Bromford has maintained a surplus of £33m in the first half of 2023-24, while investing more than £25m in its existing stock and developing 472 homes.
According to the unaudited results for the six months to 30 September, the 46,000-home Midlands-based housing association posted a post-tax surplus of £33m, the same as in the first half of 2022-23.
Turnover rose from £141m to £153m and turnover from social housing lettings increased from £119m to £132m.
Meanwhile, operating surplus including asset sales dropped slightly from £56m to £54m while operating margin on social housing lettings fell from 35 to 34 per cent.
Sales performance remained strong with 161 shared ownership homes sold, against a budget of 180. This is a rise from 156 first tranche shared ownership properties sold in the six months to September 2022.
In the first half of 2023-24, Bromford’s average first tranche share was at 40 per cent and the provider has generated a total of £18m of income from these sales.
The landlord said it is on track to meet its full-year budget of 357 shared ownership home sales. It will have no homes for open market sale this year, compared to two open market sales in the six-month period last year.
“We are pleased that after another challenging six months, our financial performance remains strong,” said Paul Walsh, chief finance officer at Bromford.

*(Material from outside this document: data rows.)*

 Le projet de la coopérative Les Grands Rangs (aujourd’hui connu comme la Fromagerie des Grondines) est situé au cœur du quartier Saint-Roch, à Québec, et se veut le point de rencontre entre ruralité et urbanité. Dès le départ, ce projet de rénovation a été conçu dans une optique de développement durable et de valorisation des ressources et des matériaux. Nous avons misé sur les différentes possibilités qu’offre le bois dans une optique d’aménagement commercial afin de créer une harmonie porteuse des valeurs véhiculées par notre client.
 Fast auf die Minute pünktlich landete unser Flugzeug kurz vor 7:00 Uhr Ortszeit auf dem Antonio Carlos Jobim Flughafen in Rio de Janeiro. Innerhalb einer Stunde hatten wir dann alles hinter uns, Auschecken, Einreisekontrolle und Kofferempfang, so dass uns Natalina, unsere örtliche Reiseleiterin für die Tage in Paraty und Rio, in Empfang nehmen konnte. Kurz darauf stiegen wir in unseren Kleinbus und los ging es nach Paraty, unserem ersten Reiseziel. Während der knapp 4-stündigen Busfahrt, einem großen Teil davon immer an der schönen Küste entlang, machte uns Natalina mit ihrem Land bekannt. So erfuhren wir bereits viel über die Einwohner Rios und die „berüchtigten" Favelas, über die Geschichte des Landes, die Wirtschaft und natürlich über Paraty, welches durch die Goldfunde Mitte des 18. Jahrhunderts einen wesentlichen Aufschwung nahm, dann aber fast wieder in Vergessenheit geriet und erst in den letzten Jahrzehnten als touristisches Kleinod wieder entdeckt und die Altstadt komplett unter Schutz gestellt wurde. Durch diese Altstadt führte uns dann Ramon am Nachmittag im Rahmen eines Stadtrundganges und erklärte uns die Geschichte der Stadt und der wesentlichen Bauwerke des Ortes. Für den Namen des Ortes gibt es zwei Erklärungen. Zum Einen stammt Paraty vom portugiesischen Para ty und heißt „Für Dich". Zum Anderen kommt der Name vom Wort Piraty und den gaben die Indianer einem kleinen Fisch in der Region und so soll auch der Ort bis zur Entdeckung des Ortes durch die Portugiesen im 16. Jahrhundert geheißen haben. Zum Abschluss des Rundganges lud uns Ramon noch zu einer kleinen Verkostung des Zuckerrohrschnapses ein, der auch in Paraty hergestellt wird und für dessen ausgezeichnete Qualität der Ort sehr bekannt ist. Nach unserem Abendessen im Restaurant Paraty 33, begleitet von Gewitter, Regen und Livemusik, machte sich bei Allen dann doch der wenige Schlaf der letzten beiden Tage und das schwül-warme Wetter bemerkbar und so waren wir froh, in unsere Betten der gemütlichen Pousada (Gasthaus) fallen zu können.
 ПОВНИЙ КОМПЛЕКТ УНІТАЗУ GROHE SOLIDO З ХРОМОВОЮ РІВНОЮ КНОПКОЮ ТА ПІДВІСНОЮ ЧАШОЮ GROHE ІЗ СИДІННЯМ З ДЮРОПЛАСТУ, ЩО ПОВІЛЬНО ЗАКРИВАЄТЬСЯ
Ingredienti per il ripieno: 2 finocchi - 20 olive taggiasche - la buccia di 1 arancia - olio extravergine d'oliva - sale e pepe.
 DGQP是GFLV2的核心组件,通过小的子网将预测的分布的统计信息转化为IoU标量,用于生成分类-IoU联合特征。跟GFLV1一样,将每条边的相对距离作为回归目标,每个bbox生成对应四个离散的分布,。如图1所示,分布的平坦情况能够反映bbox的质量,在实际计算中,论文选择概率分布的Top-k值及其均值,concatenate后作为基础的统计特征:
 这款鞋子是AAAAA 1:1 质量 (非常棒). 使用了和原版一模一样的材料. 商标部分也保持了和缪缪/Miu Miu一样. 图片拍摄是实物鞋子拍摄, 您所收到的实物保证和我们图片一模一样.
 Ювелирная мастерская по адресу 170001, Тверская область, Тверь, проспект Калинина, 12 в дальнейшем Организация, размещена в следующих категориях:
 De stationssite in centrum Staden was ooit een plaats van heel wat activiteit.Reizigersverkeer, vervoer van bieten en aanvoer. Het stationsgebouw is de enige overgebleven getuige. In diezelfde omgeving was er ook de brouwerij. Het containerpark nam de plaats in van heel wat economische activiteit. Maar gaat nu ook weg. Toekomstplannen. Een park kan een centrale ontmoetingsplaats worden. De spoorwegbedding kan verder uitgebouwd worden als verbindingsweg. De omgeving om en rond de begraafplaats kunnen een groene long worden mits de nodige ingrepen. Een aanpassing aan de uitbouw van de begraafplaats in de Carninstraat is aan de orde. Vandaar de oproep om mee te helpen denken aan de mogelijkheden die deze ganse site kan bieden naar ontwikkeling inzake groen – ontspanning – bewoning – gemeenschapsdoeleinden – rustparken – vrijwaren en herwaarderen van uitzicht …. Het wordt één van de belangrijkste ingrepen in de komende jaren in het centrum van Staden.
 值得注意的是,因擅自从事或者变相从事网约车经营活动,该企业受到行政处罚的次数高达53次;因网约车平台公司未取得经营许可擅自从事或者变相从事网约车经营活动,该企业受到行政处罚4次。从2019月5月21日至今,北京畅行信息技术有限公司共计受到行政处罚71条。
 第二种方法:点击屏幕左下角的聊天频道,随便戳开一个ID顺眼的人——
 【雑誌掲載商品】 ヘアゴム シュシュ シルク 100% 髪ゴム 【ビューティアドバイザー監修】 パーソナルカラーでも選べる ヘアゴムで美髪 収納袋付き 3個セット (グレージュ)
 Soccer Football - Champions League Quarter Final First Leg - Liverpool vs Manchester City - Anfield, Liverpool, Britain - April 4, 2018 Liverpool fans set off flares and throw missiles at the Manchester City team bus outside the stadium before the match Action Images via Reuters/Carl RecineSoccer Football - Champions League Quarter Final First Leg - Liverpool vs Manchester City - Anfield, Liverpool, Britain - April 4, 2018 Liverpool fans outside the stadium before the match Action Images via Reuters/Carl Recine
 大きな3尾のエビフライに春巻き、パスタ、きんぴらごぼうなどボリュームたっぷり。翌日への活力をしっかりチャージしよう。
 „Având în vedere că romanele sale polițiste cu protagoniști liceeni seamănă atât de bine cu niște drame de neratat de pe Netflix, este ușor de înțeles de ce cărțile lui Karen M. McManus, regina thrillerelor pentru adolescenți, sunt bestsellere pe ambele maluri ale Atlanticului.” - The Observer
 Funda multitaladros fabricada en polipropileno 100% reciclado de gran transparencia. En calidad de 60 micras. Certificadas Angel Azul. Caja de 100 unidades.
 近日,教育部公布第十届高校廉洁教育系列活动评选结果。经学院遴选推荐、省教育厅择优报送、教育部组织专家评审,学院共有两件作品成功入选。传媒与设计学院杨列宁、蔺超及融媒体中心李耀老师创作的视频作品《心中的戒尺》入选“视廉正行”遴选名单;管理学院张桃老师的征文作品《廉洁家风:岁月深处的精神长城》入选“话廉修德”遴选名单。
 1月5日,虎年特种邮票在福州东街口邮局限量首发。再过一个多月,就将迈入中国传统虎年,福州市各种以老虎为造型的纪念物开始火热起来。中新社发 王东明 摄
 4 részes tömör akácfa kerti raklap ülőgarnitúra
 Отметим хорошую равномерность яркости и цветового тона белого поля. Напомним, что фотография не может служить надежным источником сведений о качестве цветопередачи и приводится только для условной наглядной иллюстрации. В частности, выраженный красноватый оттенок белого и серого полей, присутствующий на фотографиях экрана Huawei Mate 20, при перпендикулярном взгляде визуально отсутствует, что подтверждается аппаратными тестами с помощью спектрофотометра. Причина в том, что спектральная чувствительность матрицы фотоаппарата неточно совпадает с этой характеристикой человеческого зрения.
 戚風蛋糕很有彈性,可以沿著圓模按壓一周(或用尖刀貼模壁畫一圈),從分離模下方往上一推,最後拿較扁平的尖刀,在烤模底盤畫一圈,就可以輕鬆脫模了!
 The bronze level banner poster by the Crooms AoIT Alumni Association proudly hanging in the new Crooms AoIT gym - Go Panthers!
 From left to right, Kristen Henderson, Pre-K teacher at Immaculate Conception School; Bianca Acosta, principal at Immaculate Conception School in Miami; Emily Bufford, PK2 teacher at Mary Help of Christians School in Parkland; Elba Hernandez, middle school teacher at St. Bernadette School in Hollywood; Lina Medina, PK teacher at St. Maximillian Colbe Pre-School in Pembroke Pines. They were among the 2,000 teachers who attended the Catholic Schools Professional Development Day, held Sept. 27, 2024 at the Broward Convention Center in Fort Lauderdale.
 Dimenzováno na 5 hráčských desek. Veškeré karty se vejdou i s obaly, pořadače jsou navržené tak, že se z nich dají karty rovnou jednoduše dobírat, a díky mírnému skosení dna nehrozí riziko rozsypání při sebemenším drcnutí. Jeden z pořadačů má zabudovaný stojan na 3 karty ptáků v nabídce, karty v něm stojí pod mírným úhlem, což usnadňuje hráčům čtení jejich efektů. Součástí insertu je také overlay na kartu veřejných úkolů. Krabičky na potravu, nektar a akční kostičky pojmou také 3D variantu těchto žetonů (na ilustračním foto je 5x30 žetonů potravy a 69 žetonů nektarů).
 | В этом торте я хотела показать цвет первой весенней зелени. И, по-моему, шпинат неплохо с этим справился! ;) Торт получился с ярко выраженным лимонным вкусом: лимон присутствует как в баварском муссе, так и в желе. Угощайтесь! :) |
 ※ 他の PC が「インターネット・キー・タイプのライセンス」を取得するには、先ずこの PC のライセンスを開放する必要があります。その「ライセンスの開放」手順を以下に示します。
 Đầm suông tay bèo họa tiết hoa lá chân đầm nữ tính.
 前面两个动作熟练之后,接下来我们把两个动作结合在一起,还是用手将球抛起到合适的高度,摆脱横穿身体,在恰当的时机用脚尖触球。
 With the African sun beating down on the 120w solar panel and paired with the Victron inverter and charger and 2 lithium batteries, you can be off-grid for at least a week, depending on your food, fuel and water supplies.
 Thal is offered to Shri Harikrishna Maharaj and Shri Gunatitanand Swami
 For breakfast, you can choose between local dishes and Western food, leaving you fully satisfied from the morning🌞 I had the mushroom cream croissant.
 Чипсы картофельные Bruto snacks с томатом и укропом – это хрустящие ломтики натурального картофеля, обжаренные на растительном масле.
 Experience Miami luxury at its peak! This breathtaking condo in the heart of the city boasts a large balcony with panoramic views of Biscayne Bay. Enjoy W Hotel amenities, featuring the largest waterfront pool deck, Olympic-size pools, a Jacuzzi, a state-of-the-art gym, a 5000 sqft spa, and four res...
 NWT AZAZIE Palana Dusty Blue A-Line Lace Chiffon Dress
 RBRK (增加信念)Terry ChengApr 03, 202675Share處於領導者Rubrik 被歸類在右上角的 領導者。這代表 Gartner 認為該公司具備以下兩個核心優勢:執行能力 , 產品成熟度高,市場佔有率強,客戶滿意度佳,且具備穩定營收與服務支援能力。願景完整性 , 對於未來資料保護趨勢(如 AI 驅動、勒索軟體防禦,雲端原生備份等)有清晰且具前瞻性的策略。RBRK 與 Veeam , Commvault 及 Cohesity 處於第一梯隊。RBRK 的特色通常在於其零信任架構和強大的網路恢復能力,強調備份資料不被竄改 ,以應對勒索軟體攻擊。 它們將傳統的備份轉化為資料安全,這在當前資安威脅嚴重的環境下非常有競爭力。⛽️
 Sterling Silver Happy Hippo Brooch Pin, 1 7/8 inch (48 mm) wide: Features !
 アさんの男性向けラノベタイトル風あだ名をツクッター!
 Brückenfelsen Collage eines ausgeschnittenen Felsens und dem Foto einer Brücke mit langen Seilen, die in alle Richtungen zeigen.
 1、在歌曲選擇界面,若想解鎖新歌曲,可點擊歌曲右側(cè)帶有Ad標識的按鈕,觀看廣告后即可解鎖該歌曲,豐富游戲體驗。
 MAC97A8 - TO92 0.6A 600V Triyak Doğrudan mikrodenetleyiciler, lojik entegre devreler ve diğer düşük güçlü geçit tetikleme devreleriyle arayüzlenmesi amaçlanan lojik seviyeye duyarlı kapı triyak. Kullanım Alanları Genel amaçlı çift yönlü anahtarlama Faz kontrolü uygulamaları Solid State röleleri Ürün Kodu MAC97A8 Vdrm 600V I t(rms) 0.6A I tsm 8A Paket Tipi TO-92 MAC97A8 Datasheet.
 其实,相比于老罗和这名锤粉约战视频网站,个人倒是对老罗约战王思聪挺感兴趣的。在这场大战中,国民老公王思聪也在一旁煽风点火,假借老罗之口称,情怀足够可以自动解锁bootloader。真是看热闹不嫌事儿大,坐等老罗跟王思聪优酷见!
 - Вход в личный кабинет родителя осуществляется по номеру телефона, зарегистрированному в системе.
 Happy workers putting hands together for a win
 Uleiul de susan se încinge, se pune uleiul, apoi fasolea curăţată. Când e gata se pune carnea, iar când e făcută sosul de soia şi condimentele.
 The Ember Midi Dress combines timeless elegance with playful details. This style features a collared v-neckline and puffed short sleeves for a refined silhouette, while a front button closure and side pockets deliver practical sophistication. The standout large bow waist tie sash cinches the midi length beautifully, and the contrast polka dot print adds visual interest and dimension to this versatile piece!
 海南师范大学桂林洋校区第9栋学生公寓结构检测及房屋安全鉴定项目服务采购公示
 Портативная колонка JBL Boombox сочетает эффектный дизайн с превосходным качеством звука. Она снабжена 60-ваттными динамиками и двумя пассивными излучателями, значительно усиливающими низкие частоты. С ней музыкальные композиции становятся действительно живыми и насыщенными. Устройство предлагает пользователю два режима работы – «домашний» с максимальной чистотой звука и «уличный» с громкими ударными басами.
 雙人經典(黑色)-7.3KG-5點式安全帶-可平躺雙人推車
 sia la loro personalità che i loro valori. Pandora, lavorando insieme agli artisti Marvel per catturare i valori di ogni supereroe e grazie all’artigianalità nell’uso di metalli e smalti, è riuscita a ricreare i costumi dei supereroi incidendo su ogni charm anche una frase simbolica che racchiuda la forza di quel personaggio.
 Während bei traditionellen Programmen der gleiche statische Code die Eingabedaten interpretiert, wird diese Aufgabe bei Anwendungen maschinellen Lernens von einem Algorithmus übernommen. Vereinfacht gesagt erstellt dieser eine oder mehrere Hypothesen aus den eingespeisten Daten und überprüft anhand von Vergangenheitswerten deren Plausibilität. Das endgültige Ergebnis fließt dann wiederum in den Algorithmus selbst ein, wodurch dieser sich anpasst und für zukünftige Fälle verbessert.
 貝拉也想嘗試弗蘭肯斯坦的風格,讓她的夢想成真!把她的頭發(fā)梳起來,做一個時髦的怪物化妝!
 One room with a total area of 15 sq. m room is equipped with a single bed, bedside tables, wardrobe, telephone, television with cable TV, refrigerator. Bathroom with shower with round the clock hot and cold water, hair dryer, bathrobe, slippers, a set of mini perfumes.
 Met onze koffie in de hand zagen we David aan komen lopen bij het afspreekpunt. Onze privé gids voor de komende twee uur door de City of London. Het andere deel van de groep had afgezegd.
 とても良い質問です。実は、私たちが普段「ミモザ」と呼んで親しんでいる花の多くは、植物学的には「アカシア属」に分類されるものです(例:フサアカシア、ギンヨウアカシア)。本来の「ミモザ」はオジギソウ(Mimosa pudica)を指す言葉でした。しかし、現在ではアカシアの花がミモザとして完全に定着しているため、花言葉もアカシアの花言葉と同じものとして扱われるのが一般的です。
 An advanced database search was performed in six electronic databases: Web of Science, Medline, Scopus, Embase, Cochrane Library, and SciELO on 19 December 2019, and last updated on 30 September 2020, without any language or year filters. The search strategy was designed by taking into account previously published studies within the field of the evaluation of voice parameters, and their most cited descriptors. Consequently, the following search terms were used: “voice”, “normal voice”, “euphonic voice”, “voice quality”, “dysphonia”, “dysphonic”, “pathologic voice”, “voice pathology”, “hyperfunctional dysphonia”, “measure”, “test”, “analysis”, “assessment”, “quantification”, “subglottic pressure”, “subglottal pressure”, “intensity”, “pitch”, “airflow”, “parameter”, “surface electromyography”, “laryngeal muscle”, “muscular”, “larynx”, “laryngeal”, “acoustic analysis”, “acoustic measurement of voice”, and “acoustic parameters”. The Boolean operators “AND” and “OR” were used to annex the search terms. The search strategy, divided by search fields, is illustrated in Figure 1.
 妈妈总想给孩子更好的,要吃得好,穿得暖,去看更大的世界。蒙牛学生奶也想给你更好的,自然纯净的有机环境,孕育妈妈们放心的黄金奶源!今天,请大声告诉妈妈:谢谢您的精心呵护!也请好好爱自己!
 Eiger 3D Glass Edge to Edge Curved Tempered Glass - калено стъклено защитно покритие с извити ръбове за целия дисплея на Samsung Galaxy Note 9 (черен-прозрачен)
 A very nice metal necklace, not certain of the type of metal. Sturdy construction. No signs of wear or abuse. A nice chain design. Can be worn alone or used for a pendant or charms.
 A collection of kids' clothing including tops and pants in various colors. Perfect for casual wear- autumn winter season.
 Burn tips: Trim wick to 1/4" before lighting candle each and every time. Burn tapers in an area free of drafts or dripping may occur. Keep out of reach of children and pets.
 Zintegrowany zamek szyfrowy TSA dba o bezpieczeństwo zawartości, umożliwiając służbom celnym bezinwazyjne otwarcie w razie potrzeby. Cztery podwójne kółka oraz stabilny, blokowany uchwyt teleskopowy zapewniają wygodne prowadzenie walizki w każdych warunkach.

He said that “in the face of persistently high inflation against a rent cap”, the landlord maintained its surplus while investing more than £25m in its existing homes and delivering 472 new affordable homes.
The six-month investment in existing homes compares with £56m of expenditure in the full year to the end of March.
Meanwhile, the number of new homes delivered in the six months was a slight drop on the more than 500 units delivered in the same half-year period in 2022-23.
Of the new homes delivered in the period to September 2023, most were for social rent (212) while 126 were for affordable rent and 134 were for shared ownership.
Bromford said that because of the planned phasing of handovers on contracted schemes, it expects to realise more than 700 completions in the second half of the year, and is on track to deliver more than 1,200 new homes by 31 March 2024.
These will all be at affordable tenures with no open market sale homes.
Bromford said it will continue to pursue its development aspirations, with a plan for 12,000 new homes by 2031.
In addition, the majority of the landlord’s homes (87.4 per cent) are now at Energy Performance Certificate Band C or above.
Mr Walsh said that Bromford is committed to providing quality homes and maintaining financial discipline, and that it is working on achieving £5m of efficiency savings by the end of the year.
He said: “We are determined to provide homes that our customers are proud to live in and at the same time, we are committed to financial discipline. The vast majority of our income is generated in our core business of social housing lettings, which makes up 86 per cent of our turnover. At 34 per cent, our social housing operating margin is amongst the highest in the sector, but we recognise that it is below budget.
“We have spent significantly more than budgeted on service delivery for our customers, most notably on tackling condensation, damp and mould, where we have already invested £2.6m against a full-year budget of £1.8m. We will continue to invest in our existing homes and will not compromise the safety and well-being of our customers.
“But at the same time, we are working hard to drive efficiencies in our business; our strategic cost review which focuses on general overheads and the benefits of in-sourcing will deliver £5m of savings by the end of the year, with 80 per cent of the actions to embed these savings already actioned.
“When these efficiencies are delivered, we expect performance to meet the budgeted social housing operating margin of 36 per cent by the year end.”
Elsewhere, asset gearing increased from 39 to 41 per cent and cash and undrawn facilities reached £434m.
Imran Mubeen, director of treasury at Bromford, said that over the next six months Bromford will expand its revolving credit facilities (RCFs) to establish total available facilities of £450m.
This follows the housing association securing a £100m private placement from three investors in September and a £75m RCF with ABN AMRO in June.
In August the provider co-designed a sector-first deal to ‘recoupon’ an existing private placement with Legal & General Investment Management to unlock £50m of additional funding.
Mr Mubeen said the new loans would be “sustainability-linked, with a unique social or customer-themed KPI for each facility”.
He added: “Importantly, our new loans will also focus more holistically on our decarbonisation strategy with an aspiration to re-baseline our Scope 1, 2 and 3 emissions and set annualised targets, which will remain independent of any changes to government policy.”
According to its annual results for the year ending 31 March 2023, Bromford posted a surplus of £40.2m, a drop from £50.7m in the previous year.